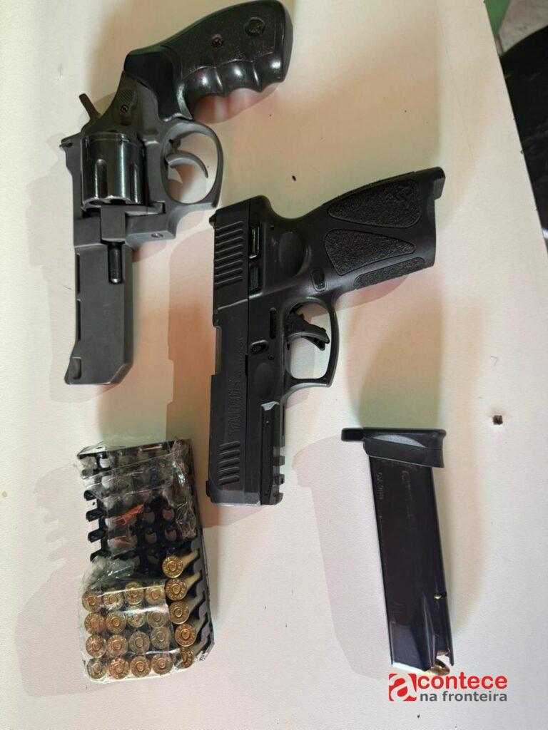 Durante a mesma ação, foram identificadas duas pessoas com posse ilegal de armas de fogo. Eram dois homens, um deles era o dono de um dos estacionamentos, ele portava um revólver calibre 38, o outro era um cliente do local e portava uma pistola calibre 9mm. Após serem detidos, os indivíduos foram presos e encaminhados para à Delegacia da Polícia Federal.
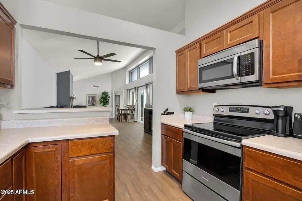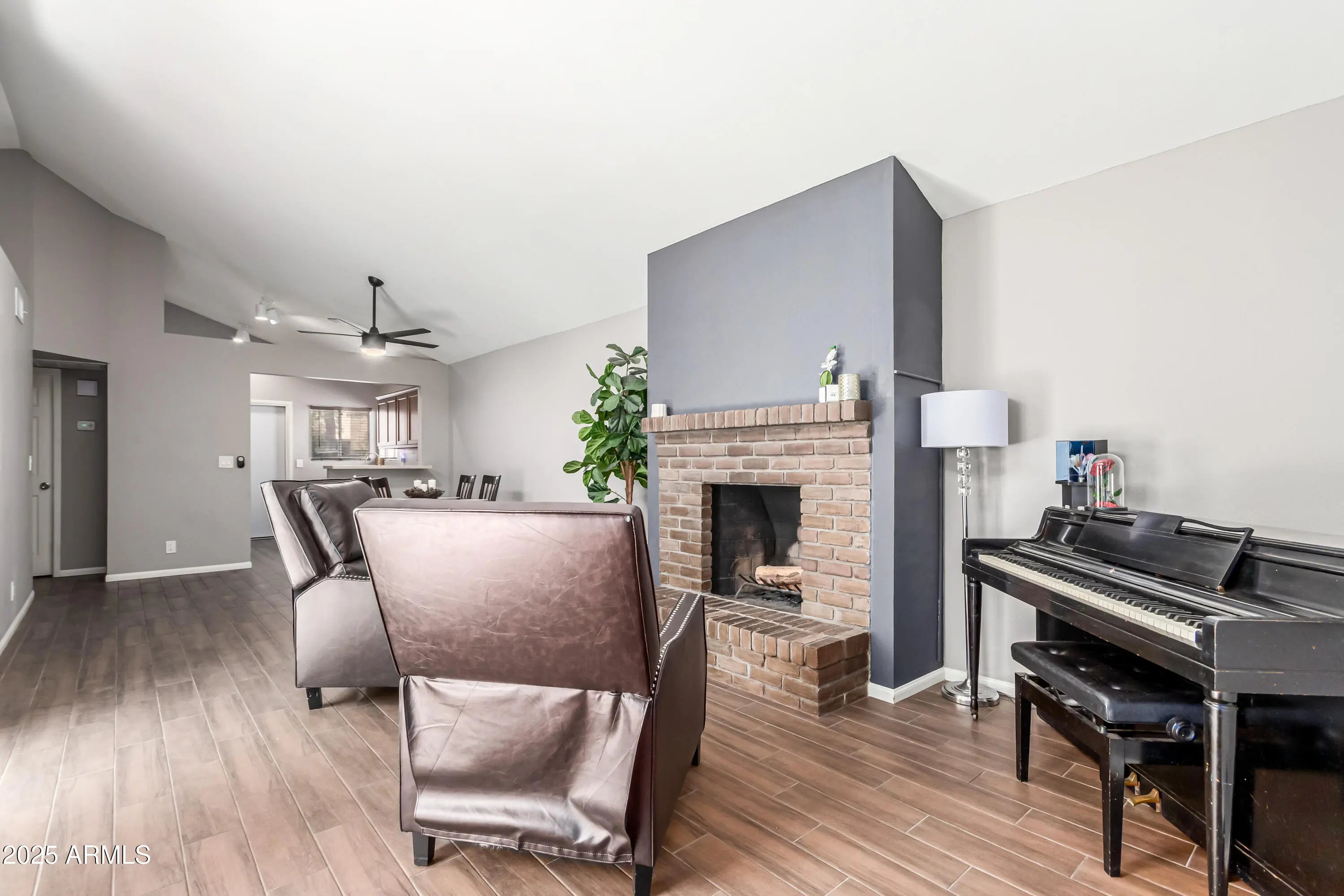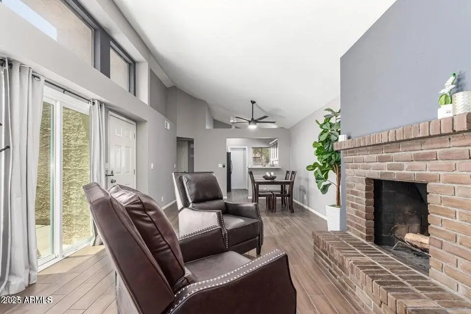 This amazing updated 3 bed, 2 bath home is ideal for anyone craving low-maintenance living with just the right amount of charm. Vaulted ceilings, great natural light, and a cozy wood-burning fireplace make the space feel open and inviting. Step out to your private patio—accessible from both the living room and primary suite—perfect for your morning coffee or winding down under the string lights. Recent updates include a newer roof and patio sliders (both 2020), plus an attached 2-car garage for extra storage. You'll also enjoy access to the community pool and BBQ area. Tucked away but close to it all, you're just minutes from Dana Park, top-rated dining, shopping, and easy freeway access to Mesa, Gilbert, Tempe, and Sky Harbor. This home is move-in ready and made for your lifestyle.
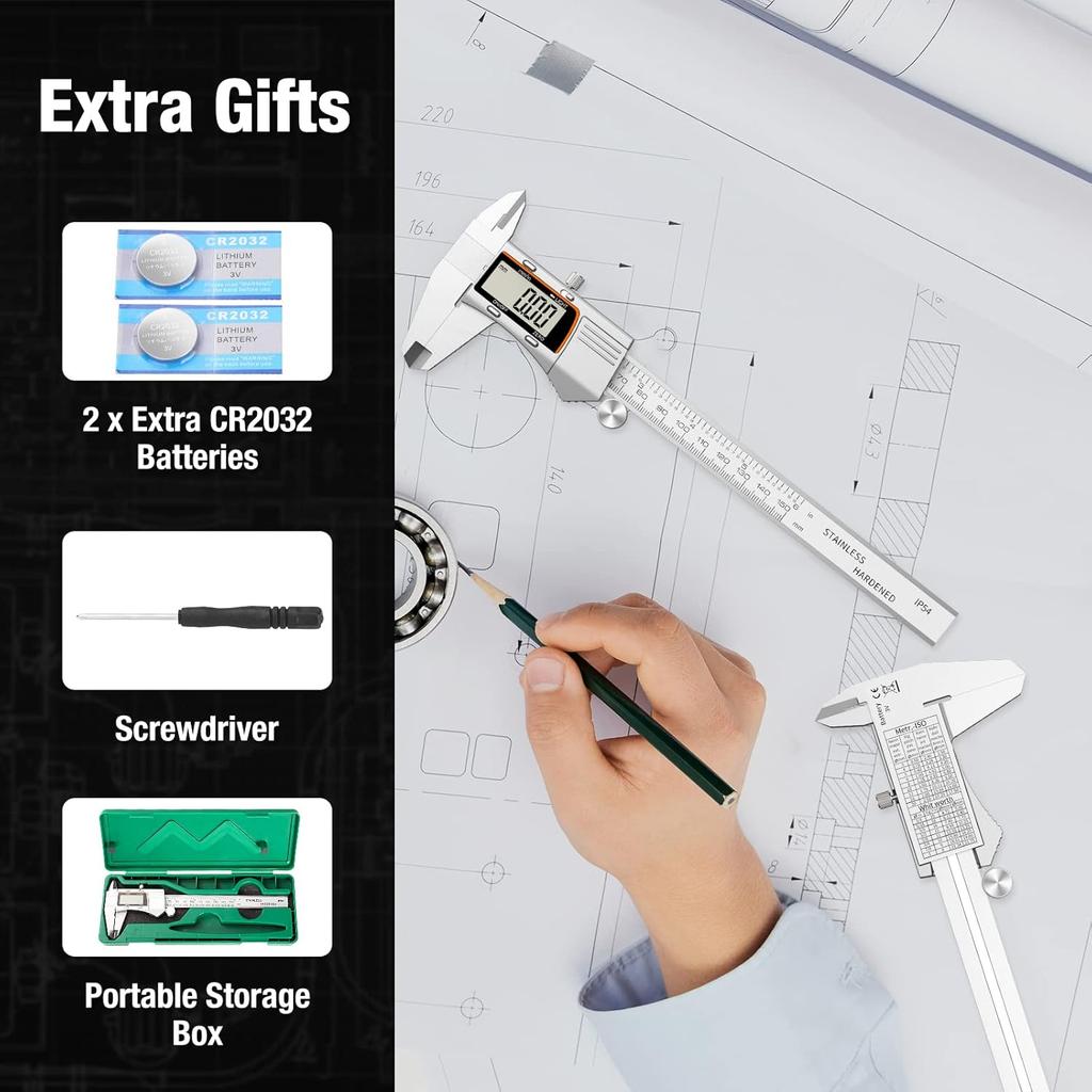 Digital Caliper 12 inch 300mm Micrometer Caliper All Stainless Steel Electronic Diameter Measuring Tool with Large LCD Screen for
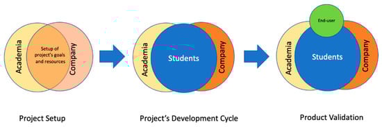 The courses of higher education, namely licentiate degrees, take place in polytechnic institutes for three years (six semesters) and, in the last year, there are internships or project subjects. During this period, it is intended that the students consolidate the knowledge acquired in the other subjects of the respective course and acquire new knowledge (technical and behavioral), in addition to that learned so far. Given the youth of these undergraduate students, this antechamber of preparation for the labor market can be especially useful in providing them with valuable skills for the transition from academia to industry. Some approaches in higher education schools follow an internal scope (without involving companies) with a major focus on research and improving the students’ self-learning skills. On the other hand, other approaches, such as the approach presented here, argue that for these students, it is particularly important that this period is invested in improving the students’ skills (technical, behavioral, planning, team integration, interaction with others, global vision of a project, etc.) for what companies require at the moment. For this, it is crucial to involve companies not only as recipients of products/prototypes they request (quite common) but as they are an active and present part of the students’ teaching process. Besides resulting in a high-quality product for the company, this participation should also allow the student to acquire experience with development processes used in a company context and an accurate notion of what should be the best practices and the artefacts and tools to use to build a professional software project from scratch. To achieve these goals, it is vital that there is good availability and continuous collaboration between the staff of the company, the staff (teachers) of the teaching institution, and the students (throughout the project, in this case, the fifth and sixth semesters of the course).

════════

_EXERCISE DIRECTIONS_
Omit each picture, then return all of the listing exactly as it stands.

_RESULT OF THE EXERCISE_
 Durante a mesma ação, foram identificadas duas pessoas com posse ilegal de armas de fogo. Eram dois homens, um deles era o dono de um dos estacionamentos, ele portava um revólver calibre 38, o outro era um cliente do local e portava uma pistola calibre 9mm. Após serem detidos, os indivíduos foram presos e encaminhados para à Delegacia da Polícia Federal.
 This amazing updated 3 bed, 2 bath home is ideal for anyone craving low-maintenance living with just the right amount of charm. Vaulted ceilings, great natural light, and a cozy wood-burning fireplace make the space feel open and inviting. Step out to your private patio—accessible from both the living room and primary suite—perfect for your morning coffee or winding down under the string lights. Recent updates include a newer roof and patio sliders (both 2020), plus an attached 2-car garage for extra storage. You'll also enjoy access to the community pool and BBQ area. Tucked away but close to it all, you're just minutes from Dana Park, top-rated dining, shopping, and easy freeway access to Mesa, Gilbert, Tempe, and Sky Harbor. This home is move-in ready and made for your lifestyle.
 Digital Caliper 12 inch 300mm Micrometer Caliper All Stainless Steel Electronic Diameter Measuring Tool with Large LCD Screen for
 The courses of higher education, namely licentiate degrees, take place in polytechnic institutes for three years (six semesters) and, in the last year, there are internships or project subjects. During this period, it is intended that the students consolidate the knowledge acquired in the other subjects of the respective course and acquire new knowledge (technical and behavioral), in addition to that learned so far. Given the youth of these undergraduate students, this antechamber of preparation for the labor market can be especially useful in providing them with valuable skills for the transition from academia to industry. Some approaches in higher education schools follow an internal scope (without involving companies) with a major focus on research and improving the students’ self-learning skills. On the other hand, other approaches, such as the approach presented here, argue that for these students, it is particularly important that this period is invested in improving the students’ skills (technical, behavioral, planning, team integration, interaction with others, global vision of a project, etc.) for what companies require at the moment. For this, it is crucial to involve companies not only as recipients of products/prototypes they request (quite common) but as they are an active and present part of the students’ teaching process. Besides resulting in a high-quality product for the company, this participation should also allow the student to acquire experience with development processes used in a company context and an accurate notion of what should be the best practices and the artefacts and tools to use to build a professional software project from scratch. To achieve these goals, it is vital that there is good availability and continuous collaboration between the staff of the company, the staff (teachers) of the teaching institution, and the students (throughout the project, in this case, the fifth and sixth semesters of the course).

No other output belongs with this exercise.